Now one might argue that there is something particular about piracy. Yes, every issue and crisis will have its particular dynamics and constellations of interest, and sometimes this might make a model such as the CGPCS out of reach. Yet, in many ways piracy is a representative issue that expresses well the features of today’s global political problems. It is complex, requires the coordination across domains that have become functionally disintegrated (think security and development), it is transnational par excellence, and private, non-state actors are part of the problem and of the solution. One does not have to think far to identify issues similar. To start with the maritime, the migration crisis in the Mediterranean has a similar problem constellation and in consequence actors have already started to discuss a contact group. But one might want to think beyond that.
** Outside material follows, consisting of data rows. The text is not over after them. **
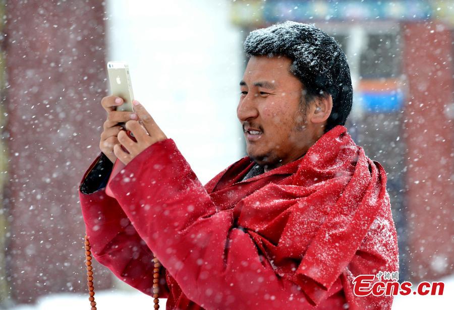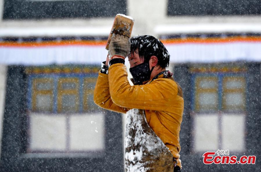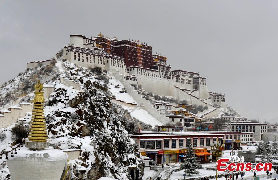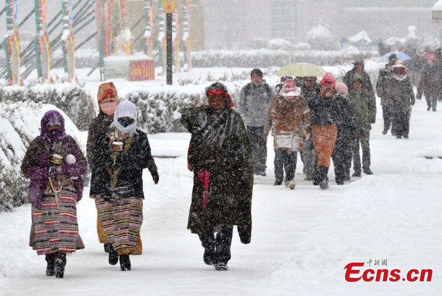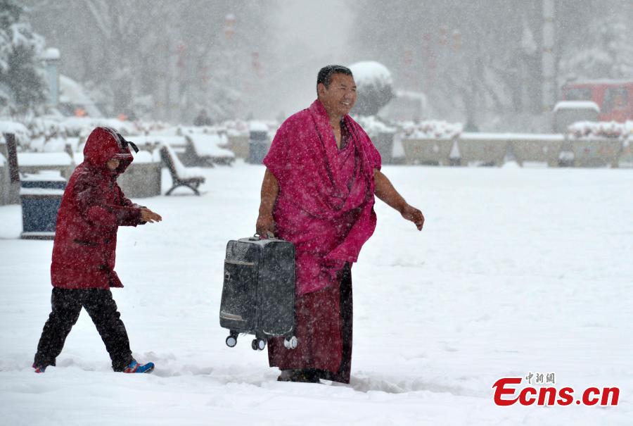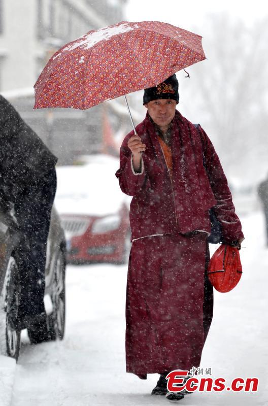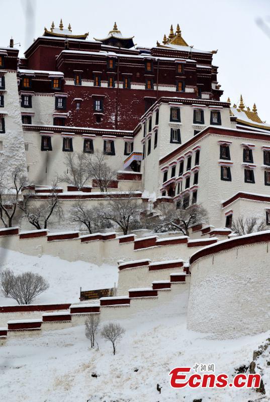 Lhasa, capital of southwest China's Tibet Autonomous Region, had its heaviest snowfall in two decades Friday, seen as a good omen for the upcoming Tibetan year of the "wooden sheep". [Photo/ China News Service]
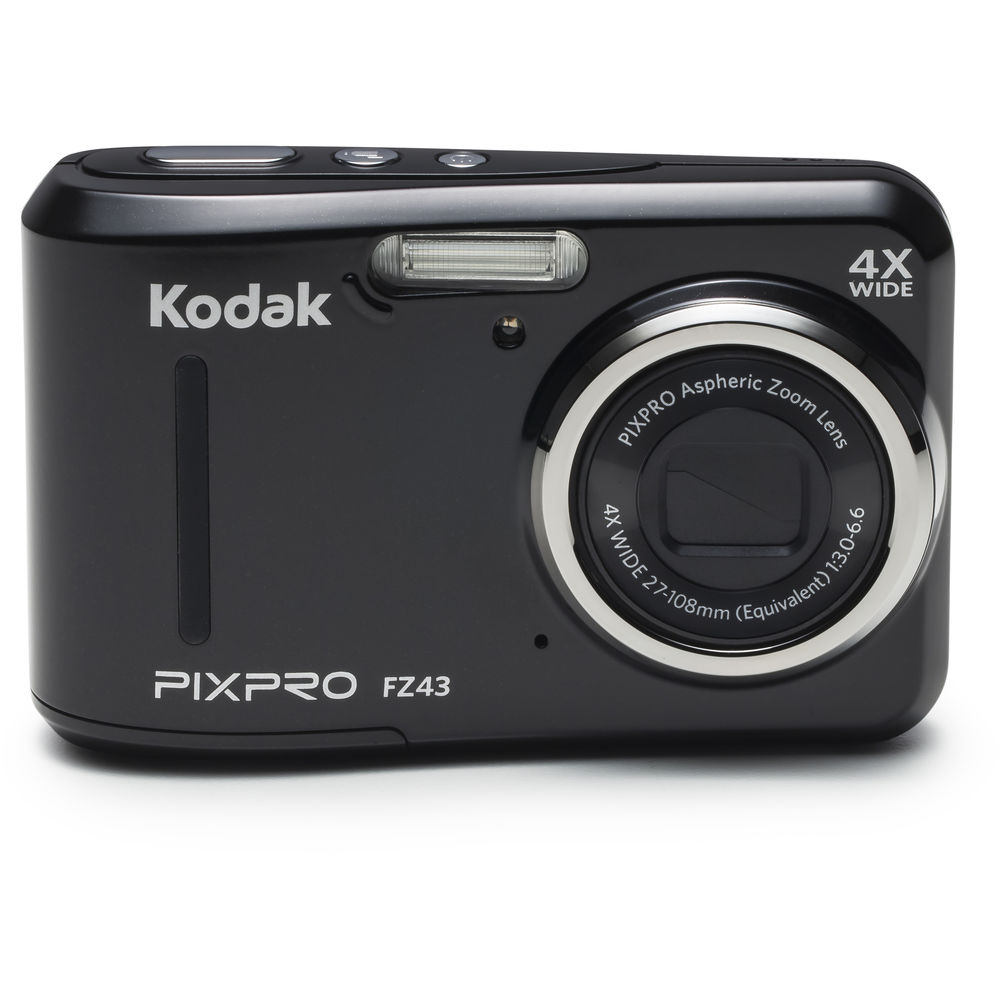 The Pixpro FZ45 Digital Camera from Kodak is a small black point and shoot that is one of the friendly zoom models from the Kodak Pixpro digital camera collection. Small and easy to use, this camera is an ideal choice for on-the-go shooting. It is conveniently powered by two AA batteries and features a 2.7" LCD screen a 4x optical zoom, one-touch full HD video, red-eye removal, face detection, and more.
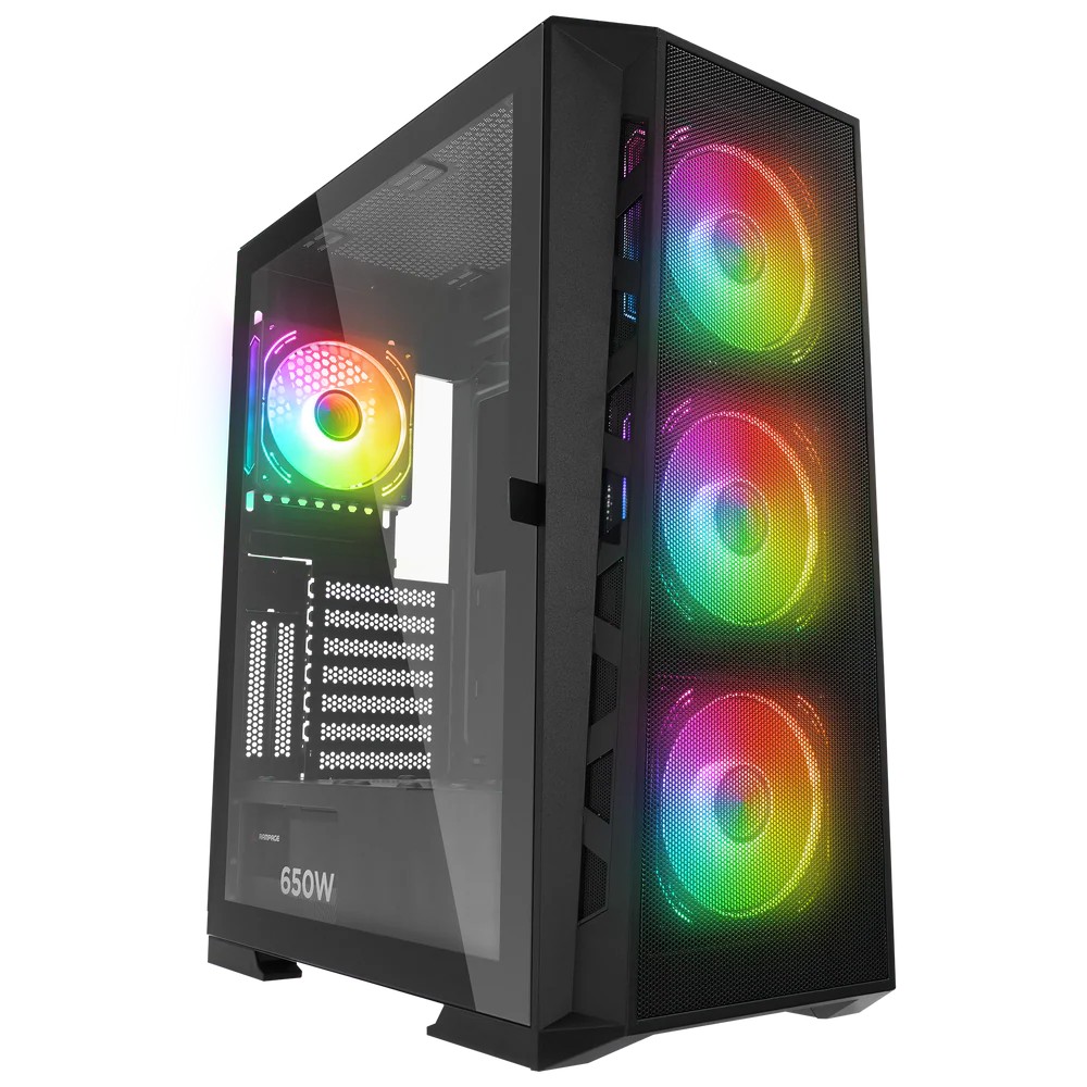 1ST Player AR7 Siyah 650W 80+ ARGB 4X12CM Fan Temperli Cam Mesh USB 3.0 Atx Kasa

The majority of crises or post-conflict situations have similar properties and call for better mechanism that can facilitate coordination, strategizing and consensus building. This applies for situations ranging from how to cope with ISIS, to how to stabilize Afghanistan, Iraq, Libya, South Sudan or Yemen. The concrete design of a Contact group will have to be tailored to each situation, yet it can draw on the basic principles that were so successfully developed in the CGCPS.
Informal Governance and the UN Reform Debate
If informal governance is the way to make the UN fit for the challenges of the globalized age, where does this leave us in regards to UN reform? Whatever the prospects for this debate are – experience from the past leads one to some doubts – the de facto rise of informal governance and that it has shown to be successful implies that any reform debate needs to consider this. Should ideas from informal governance hence become formal part of the UN as part of a reform process? It is a paradox, that any formalization and institutionalization will undermine the effectiveness of informal governance. Informal governance works after all, because it is flexible and inclusive and rules are judged by their pragmatic value. If one hence cannot formalize informal governance, there is a clear lesson for the reform debate. For improving the effectiveness of informal governance assurances are needed that learning takes place and that the experience from one situation is transferred to another. Best practices of how to organize contact groups will need to become formulated and made part of UN working practice. As the work of the CGPCS Lessons Learned Project shows, the design principles that the CGCPS formulated are a good start for that.